To throw in a bit of an anecdote, a couple of years back I was in a short but I'd say rather intense relationship with a young lady who I fell for hard and fast. There was never any sort of physical aspect to the relationship beyond simple kissing-that was talked about early on and for a variety of reasons we were both on the same page with holding off with anything else, but it was "intense" in that emotionally we were closer after a few weeks of dating than I have with other women after a couple of months. I was sure she was "the one" and on the surface everyone who knew me or was around us thought the same. About a month and a half in, she rather abruptly broke things off, only for us to reconcile a week later. Things basically picked up like nothing had ever happened, only for the same thing to happen 6 weeks later(to give an idea of how "out of nowhere" the second time was, she'd come over to watch a movie and had to leave before it was over. We already had plans for a few days later, so she asked me if I wanted to keep the DVD and bring it back to her when we saw each other again-I declined since we'd have time to finish it together then. She called and broke up with me about an hour after she left). Both break ups were as amicable as that sort of thing can be-there was a lot of apologizing on her part and me asking her to reconsider, but there was no anger or cross words being exchanged. Even after the second time, I was still begging her to give things another try even a month later, and would have gone back in a second if she had given the chance(there were times where I thought it was close to happening, although it never did) but it would have been foolish of me to do. The last time I texted her was just a simple how are you doing, and she never responded. It was all for the better.
At the time, I was absolutely devastated both times she ended things. Reflecting on it, though, it was a somewhat toxic relationship in a couple of ways.
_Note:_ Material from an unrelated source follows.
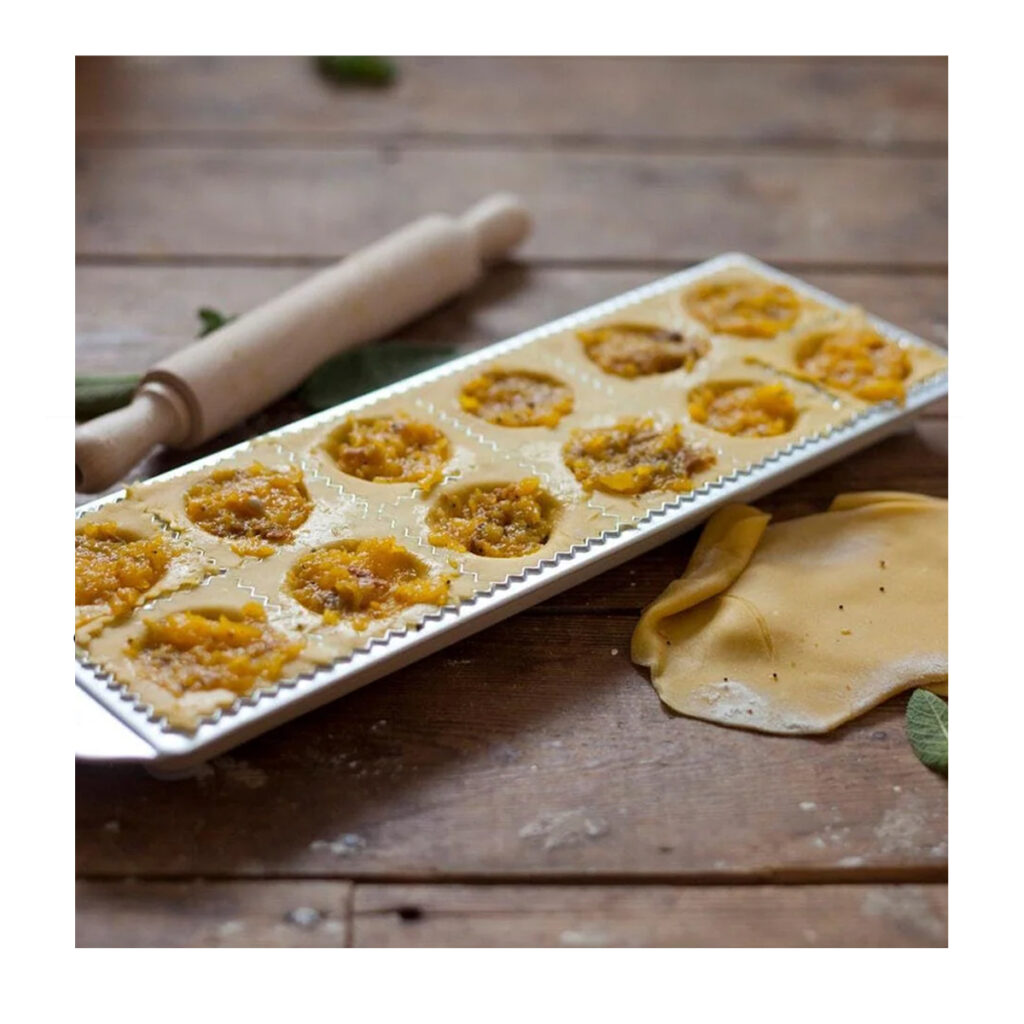 The Kuechenprofi Ravioli Tray with wooden roller is a great accessory to help you whip up a batch of ravioli portions in a matter of minutes. The ravioli board is perfect for making delicious ravioli for lunches or desserts with a variety of filling ideas like chocolate, cheese, mince or creamy vegetable mixes.

I do think that a partner should always push you to want to be a better person, but with her I almost always felt like I was being tested and there were things about me that were never going to be "good enough" for her. That was mixed in with her telling me how wonderful and perfect I was, so I never really knew what to expect. I remember at one point challenging me that she felt like I was always "unsure" of how secure our relationship was, when in reality some of her previous behavior had really given me every reason to be.
The point of that, though, is that even though that relationship seemed great at the time, it had its red flags that I was just too blind to ignore. If it had continued, it would have been a similar ongoing emotional roller coaster to what you're now experiencing. I am now making plans to marry a woman who I feel truly IS a wonderful complement to me. Among her many other wonderful qualities, and in contrast to the girl I was speaking of above, although we do challenge each other to improve the other in various subtle and not so subtle ways, we both ultimately recognize that the way we are now is what makes us special and such a great match for each other. Furthermore, we are together because we make a conscious effort to choose to be part of each others lives, not because either of us is desperate for anyone. I could go on forever about why I'm so crazy about the person who will be my wife this time next year, but I'll also say that while building a relationship has been a lot of work it has been enjoyable and not stressful work-and that to me is how it should be.